Economists have been calling it for weeks, and now it’s finally here.

Inflation spiked to 3.8% last month, according to the April Consumer Price Index, released on Tuesday. It’s the sharpest reading consumers have seen in three years, since Russia invaded Ukraine, spiking fuel prices and sending inflation to 4% in 2023.

But unlike the massive spike of that crisis—which hit quickly and broadly, igniting inflation across nearly two-thirds of the CPI basket almost overnight—this oil shock has a more pernicious nature. For one, it’s been slower to hit: crude markets have defied experts’ prognostications of doom as traders steadily rebalanced and tried to “look through” the crisis.

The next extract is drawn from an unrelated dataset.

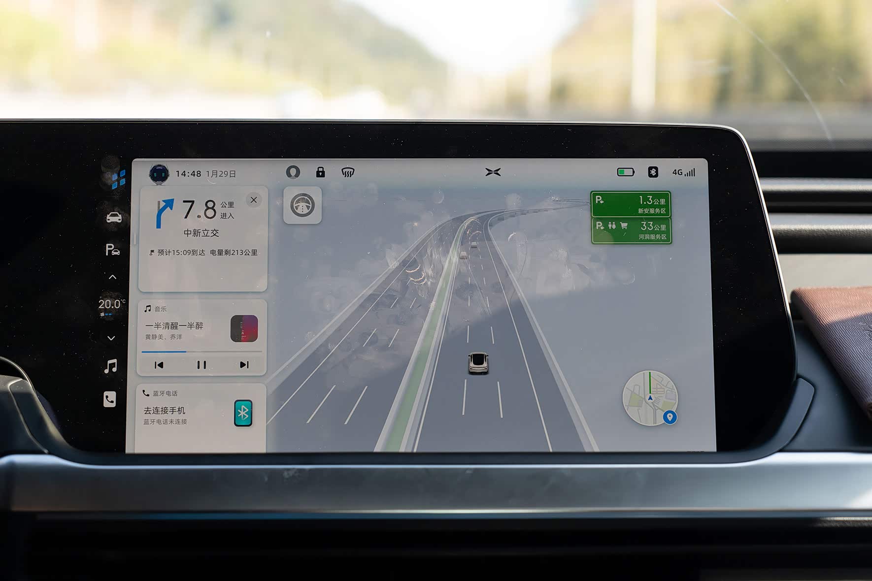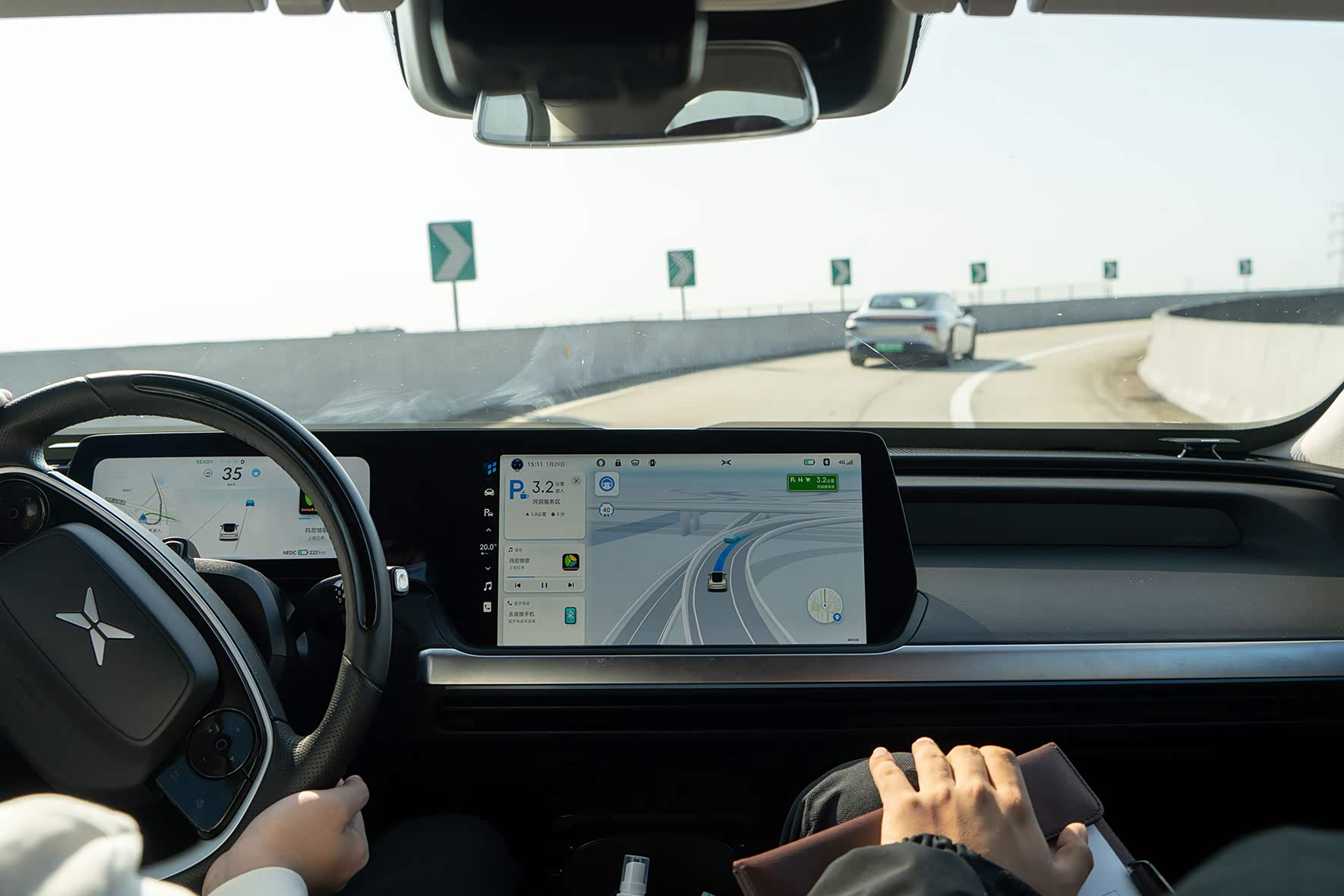 此次 NGP 体验路线为高速路段,总计 90km,有京港澳高速、广河高速等路段,在使用前需设置好目的地的导航,开启 NGP 功能,进入 NGP 可用路段(屏幕地图左侧显示灰色方向盘则为 NGP 可开启,只需要向下拨动两次档杆就行了)

Oil has stayed well below the $150 price hikes that some had imagined just weeks earlier, when oil markets were first rocked by the effective closure of the Strait of Hormuz thanks to the outbreak of the Iran war.

Still, gasoline is up 28.4% over the year, Tuesday’s inflation data showed, and 5.4% just on the month. Fuel oil is up 54.3% year-over-year. And unlike the Russia-Ukraine-driven energy crisis, this is “more than just an energy crisis,” said Diane Swonk, chief economist at KPMG.

“It is a supply chain disruption, and that’s important—and you’re only beginning to see the effects,” Swonk told Fortune.